Groups of unrelated exceptions can be caught by using ExceptionSets, so they do not need to be related by hiearchy. One can even design one's own exception catchers, by implementing the ANSI protocol, <exceptionSelector>.
Multiple classes (or sets) of exceptions can be caught from the same try block and directed to separate handlers by making use of the BlockClosure>>#on:do:[on:do]+ series of messages. Listing multiple exception classes and handlers is the corect thing to do instead of specifying an ExceptionSet and then switching on the type of the exception in the handler block.
Raising and handling exceptions disrupts the normal flow of control. It also separates the point of detection of an exceptional condition, from the point where that exception is dealt with. These, useful, features can make it more difficult to determine the behaviour of a system by browsing the source code. Resuming after an exception is non-obvious (and also subject to further failures). Retrying after an exception is particularly esoteric technique and should be used sparingly.
In general Errors should not be resumable, since they are supposed to represent fatal conditions, which if resumed, would almost certainly result in further exceptions.
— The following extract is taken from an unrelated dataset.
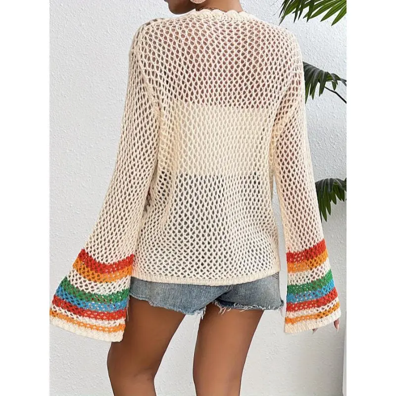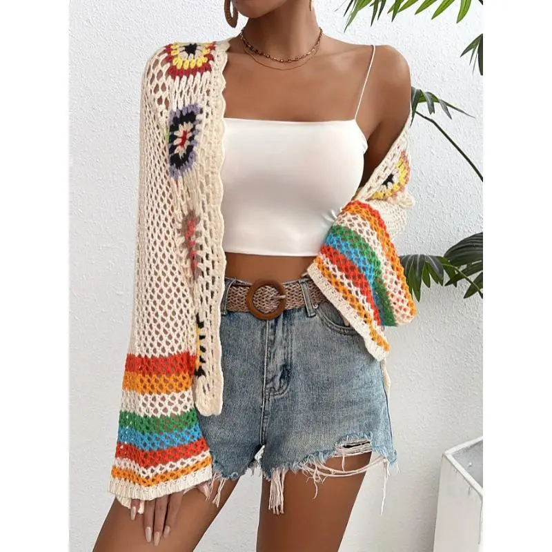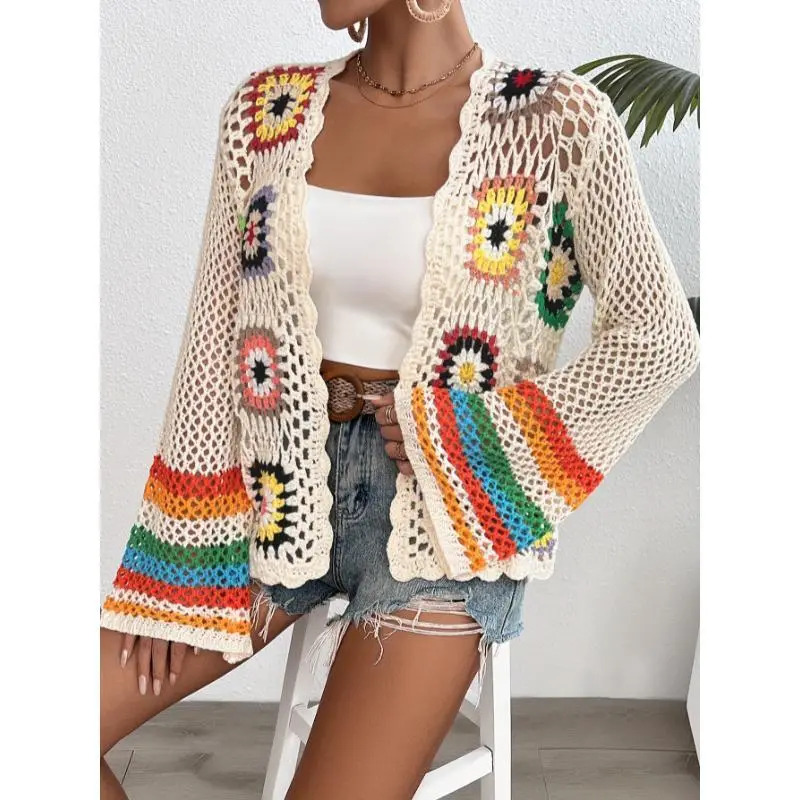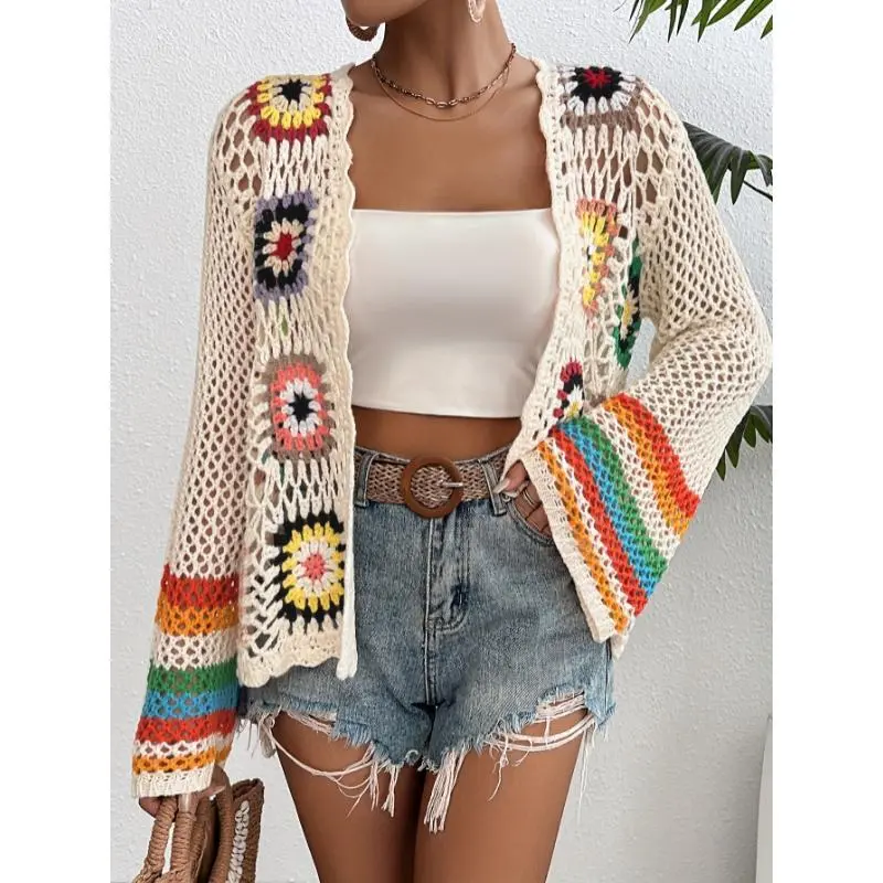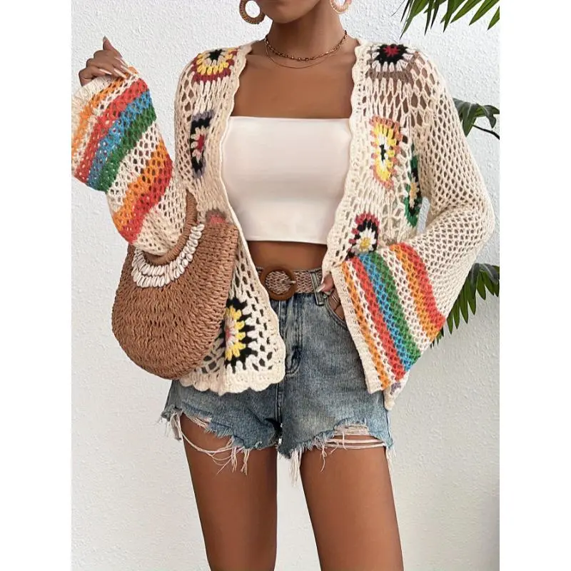 Crochet Open Front Cardigan - Casual Long Sleeve Hollow Out Cardigan for Women - Floral Fabric Knitwear, Comfortable Knitted Design Short Tops Womenswear Knitting

In specific circumstances where recovery is possible, but the exception is in other respects and error condition, one may be able to make a case for permitting resumption.
|•||Exceptions should be raised in preference to returning distinguished error values which must be tested, but ...|
|•||... use exceptions for conditions which are truly exceptional, not for frequently expected errors.|
|•||Raise exceptions as soon as possible after detecting an exceptional condition so that all pertinent information relating to the condition can be included.|
|•||Catch exceptions at a point where it is possible to handle them effectively.|
|•||Do document which exceptions public methods might raise.|
|•||Avoid establishing exception handlers using #on:do: inside tight loops, or other frequently executed code, when concerned about performance.|
|•||Don't over engineer exception hierarchies - keep them shallow and simple.|
|•||Think twice before catching Error, it is rarely appropriate outside development tools.|
|•||When catching Error is unavoidable, provide detailed logs so that unexpected conditions are not missed.|
|•||Examining the detail of an exception inside a handler block to see whether it can be handled is an indication that too generic a class of exception was raised and caught, and that further specialization may be necessary.|
|•||Don't switch on the type of exception in a handler block, instead use multiple catcher and handler pairs established with the BlockClosure>>#on:do:[on:do:]+ series of messages.|
|•||Avoid #retry and (especially) #retryUsing:.|
|•||Avoid defining resumable Errors.